Considering that I have many attributes with time measurements in my logs. I want to count how many times each of them is bigger than my timeout limit, 10 seconds for example.
I currently am able to do this running many times very similar queries like this:
fields context
| filter context.time_to_prepare > 10
| count(*) as count_slow_time_to_prepare by bin(10m)
fields context
| filter context.time_to_shine > 10
| count(*) as count_slow_time_to_shine by bin(10m)
.. one query for each attribute
It would be better and easier to plot if we could extract all these metrics in the same query. To do that, all that is missing is some ternary operator, or something similar.

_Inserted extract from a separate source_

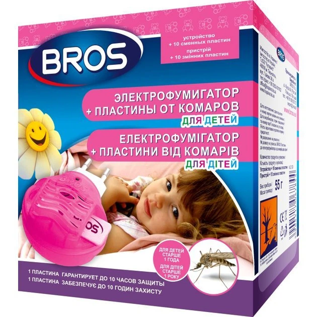 Фумігатор Bros + 10 пластин проти комарів для дітей від 1 року (5904517067844)

My hope was that something like this would work:
fields context
| filter context.total_time > 0
| stats sum(if(context.time_to_prepare > 10,1,0)) as slow_time_to_prepare,
| sum(if(context.time_to_shine > 10,1,0)) as slow_time_to_shine ,
# .. one row for each attribute
| sum(if(context.time_to_move > 10,1,0)) as slow_time_to_move by bin(10m)
But that didn't work. The "if" function does not exist.
So, there is any way to make a ternary if?
I was pretty close,
This code should do the job:
fields context
| filter context.total_time > 0
| stats sum(context.time_to_prepare > 10) as slow_time_to_prepare,
| sum(context.time_to_shine > 10) as slow_time_to_shine ,
# .. one row for each attribute
| sum(context.time_to_move > 10) as slow_time_to_move by bin(10m)
The True and False of the a > b becomes 1 and 0 that can be used in the grouping functions like sum, avg, etc.